◆ **Exercise**
Below are records to repeat exactly; copy them without the pictures.

++++++

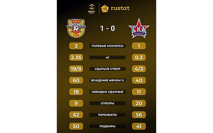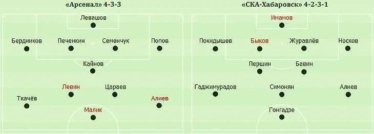 Первый тайм прошёл с заметным преимуществом «Арсенала». Не зря же встречались лидер и аутсайдер турнира. Но открыть счёт команда Александра Сторожука так и не смогла. Дважды гостей спас вратарь Имамов, а ещё в одном случае гол Малика был отменён из-за фола в атаке.
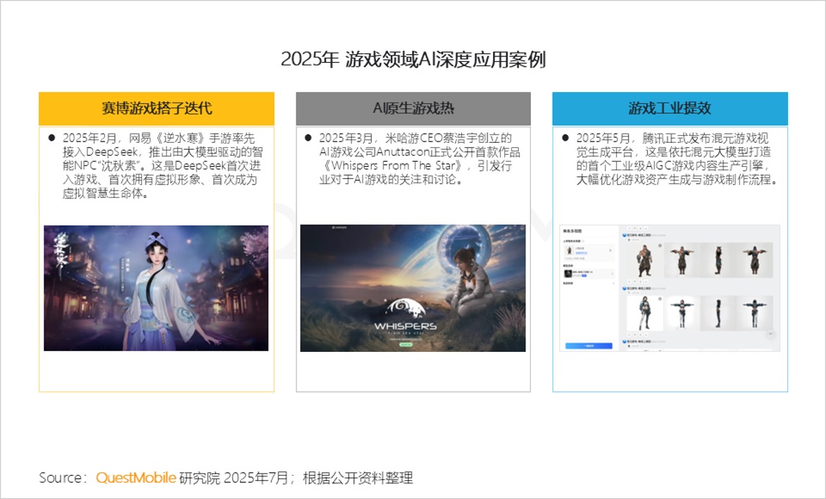 (4)AI在游戏领域进入大模型深度应用阶段,并开始尝试AI原生游戏的开发。
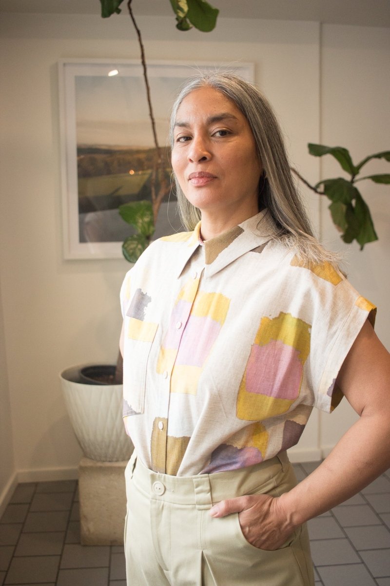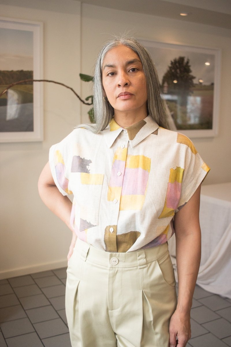 With its loose fit and centered button placket, The Haley Shirt is a cut that's one of the iconic pieces at Eve Gravel that we see season after season in fresh new exclusive prints! With a right side pocket, it can be worn buttoned for a structured look or open as an over-shirt for a casual look. Slip it into high-waisted trousers for a more fitted and tailored look. These new prints are designed right in Eve Gravel's Mile-End studio in Montreal, making this classic button-up something to covet and adore!
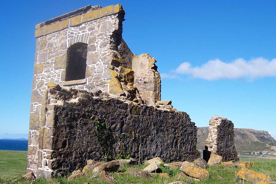 At the top of the hill is the bullyard and the ruins of Barracks for the assigned servants, with walls of fieldstone and large bluestone blocks at the corners. The barracks were built in 1834 and occupied from 1836. There were 41 convicts assigned to the Circular Head establishment, half of whom were housed in these barracks.
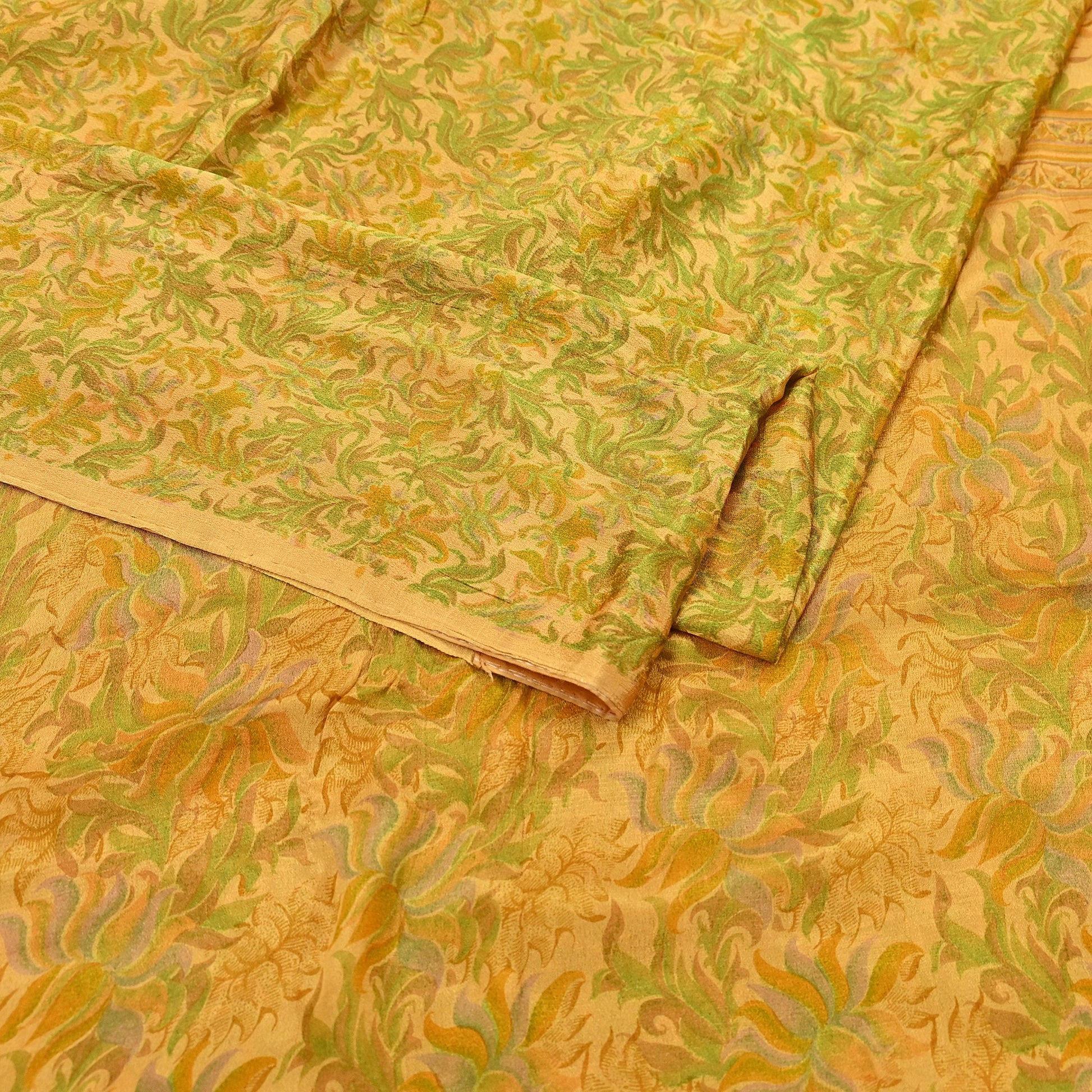 Indian Vintage Sari Mustard Pure Silk Printed Saree Fabric 5yard Sewing Craft Fabric DressMaking Soft Wrap

++++++

◆ **Answer to this problem**
 Первый тайм прошёл с заметным преимуществом «Арсенала». Не зря же встречались лидер и аутсайдер турнира. Но открыть счёт команда Александра Сторожука так и не смогла. Дважды гостей спас вратарь Имамов, а ещё в одном случае гол Малика был отменён из-за фола в атаке.
 (4)AI在游戏领域进入大模型深度应用阶段,并开始尝试AI原生游戏的开发。
 With its loose fit and centered button placket, The Haley Shirt is a cut that's one of the iconic pieces at Eve Gravel that we see season after season in fresh new exclusive prints! With a right side pocket, it can be worn buttoned for a structured look or open as an over-shirt for a casual look. Slip it into high-waisted trousers for a more fitted and tailored look. These new prints are designed right in Eve Gravel's Mile-End studio in Montreal, making this classic button-up something to covet and adore!
 At the top of the hill is the bullyard and the ruins of Barracks for the assigned servants, with walls of fieldstone and large bluestone blocks at the corners. The barracks were built in 1834 and occupied from 1836. There were 41 convicts assigned to the Circular Head establishment, half of whom were housed in these barracks.
 Indian Vintage Sari Mustard Pure Silk Printed Saree Fabric 5yard Sewing Craft Fabric DressMaking Soft Wrap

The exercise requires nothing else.